D’autres thèmes de société contemporaine sont ainsi abordés au fil des épisodes, comme la masculinité, la paternité/maternité ou bien sûr le couple et ses possibilités. Le spectateur se retrouve dans des questionnements individuels partagés par d’autres.
En nous faisant pénétrer dans l’intimité du cabinet de psychanalyse, les créateurs.rices de cette adaptation mettent en lumière la complexité des êtres par ce prisme de la fiction en creusant les angoisses et les émotions des personnages.

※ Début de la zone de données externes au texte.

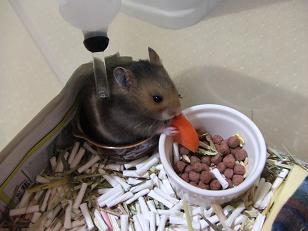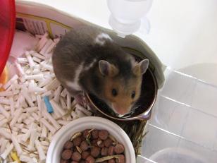 昨日わが家にやってきたこまち。すっかりリラックスしてくれている様子ですカリカリフードも食べてくれるようになり、お野菜などを直接指から受け取って食べてくれたりします♪すっかりリラックスしているためか…?こまちさん、そこはお野菜を入れるお皿ですフィット具合がイイ感じなのか、お小皿にはまっているこまちさんです。かわいいなぁぁぁぁ。こつぶが隣のケースでガンガン走ったり騒いだりしていても、マイペースで過ごしているこまちさん。まさに「静と動」…こつぶの落ち着きの無さが際立っています…2匹そろって暴れられても困るから、良しとしようかわいい娘たちです

Ce format long et particulier permet deux lectures différentes de la série et invite à un « bing-watching » peu classique par semaine (cinq épisodes) ou par personnages (sept épisodes). Ce qui donne la possibilité de revoir En Thérapie de plusieurs manières pour approfondir les introspections. L’ensemble est accompagné par un thème musical discret et savamment orchestré par Yuksek.
Poursuivre leur cinéma
Que les cinéastes à l’origine de Intouchables, Le Sens de la fête ou encore Hors normes soient en partie – avec les productrices des Films du poisson Yaël Figiel et Laetitia Gonzalez – à l’origine de ce projet d’adaptation est en réalité une évidence.
Après sept long métrages, le duo expérimente le format série tout en conservant l’ADN constitutif de leur cinéma. Faire naître le collectif de l’individuel, aborder des thèmes sociales et dramatiques ponctués de touches d’humour, être empathique avec leurs personnages et surtout ne jamais les juger malgré leur actes parfois répréhensibles, un cinéma en un mot : généreux.
Ici, l’idée de groupe est donc partout, devant et derrière la caméra. En Thérapie permet de dresser ce portrait de la France d’aujourd’hui dont le besoin de rassemblement s’imposait après les attentats de 2015 et devient une urgence nécéssaire avec la crise sanitaire que nous vivons actuellement. Pour remettre l’écoute et la parole au coeur de notre quotidien, créer un semblant de lien social dans un cabinet, l’analyse commence dès maintenant sur Arte.
En Thérapie depuis le 28 janvier en intégralité sur Arte.tv. Tous les jeudi à 20h55 du 4 février au 18 mars 2021 sur Arte.